Журналист наконец обрел дар речи.

– Правды? Какой правды?! – воскликнул он. – Это все ложь! Выходит, Салливан опять солгал!

– О чем вы?

– Все о том же. Салливан сказал мне, что этих стариков убил Фергюсон, но я не знал, верить мне Салливану или нет. Ведь он мне еще кучу всего наговорил, и многое из этого оказалось ложью. Если бы я вам все сразу рассказал, мне пришлось бы написать об этом в газете. Но вы же сами говорите, что у Фергюсона есть алиби. Значит, мои сведения были бы ложными. Выходит, Фергюсон не убивал этих стариков, так?

Андреа не нашлась что сказать.

– Так или не так? Отвечайте!

– Выходит, что так, – неохотно признала женщина‑полицейский. – Я ездила в Рутгерский университет и говорила там с тремя разными преподавателями. Все они утверждают, что у Фергюсона образцовая посещаемость и на той неделе он был на всех занятиях. Кроме того, у моего напарника появилась новая информация…

– Какая новая информация?

– Не важно.

В номере мотеля воцарилось молчание, все обдумывали услышанное.
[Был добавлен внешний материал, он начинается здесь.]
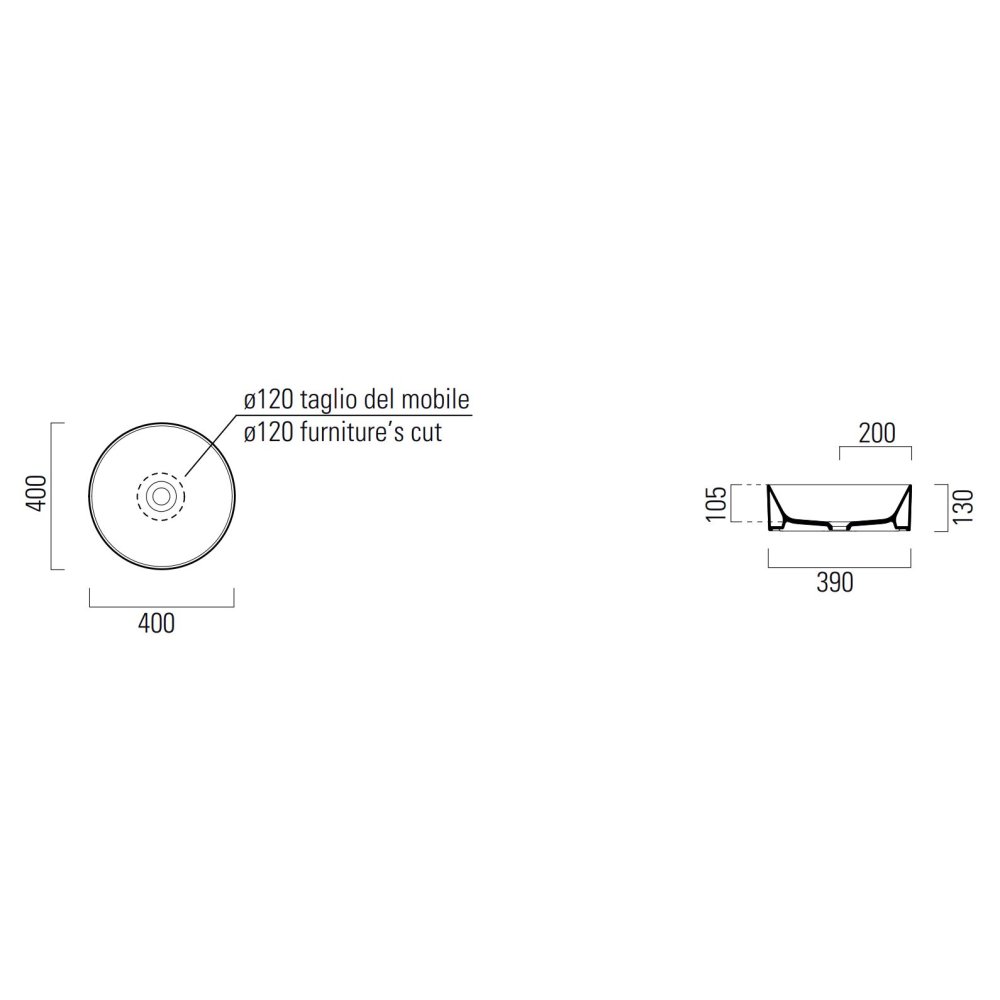 Lavabo rotondo da appoggio con diametro di 40 cm senza foro troppopieno.

– И все‑таки, почему вы сейчас здесь? – негромко спросил Тэнни Браун. – Если вам не в чем подозревать Фергюсона, вы бы уже летели на самолете домой во Флориду. И зачем вы лично отправились в университет? Вы могли бы проверить посещаемость Фергюсона и по телефону. Почему вы еще не собрали чемодан? Почему вы встретили нас в дверях с пистолетом в руках?

Андреа растерянно пожала плечами.

– Хорошо, – примирительно сказал лейтенант, – я сам отвечу на свой вопрос. Все это потому, что вы чувствуете что‑то неладное, но еще сами не поняли, о чем идет речь.

Женщина кивнула и развела руками.

– Ничего страшного, – закончил Браун, – мы и сами здесь именно поэтому.

 

Над городом занимался тусклый рассвет. В небе клубились сулившие дождь серые облака. Шеффер и Уилкокс припарковались в северном конце улицы, а Браун и Кауэрт остановились в противоположном конце. Журналист проверил кассету в магнитофоне и похлопал по карману, где лежали блокнот и авторучка. Потом он повернулся к лейтенанту…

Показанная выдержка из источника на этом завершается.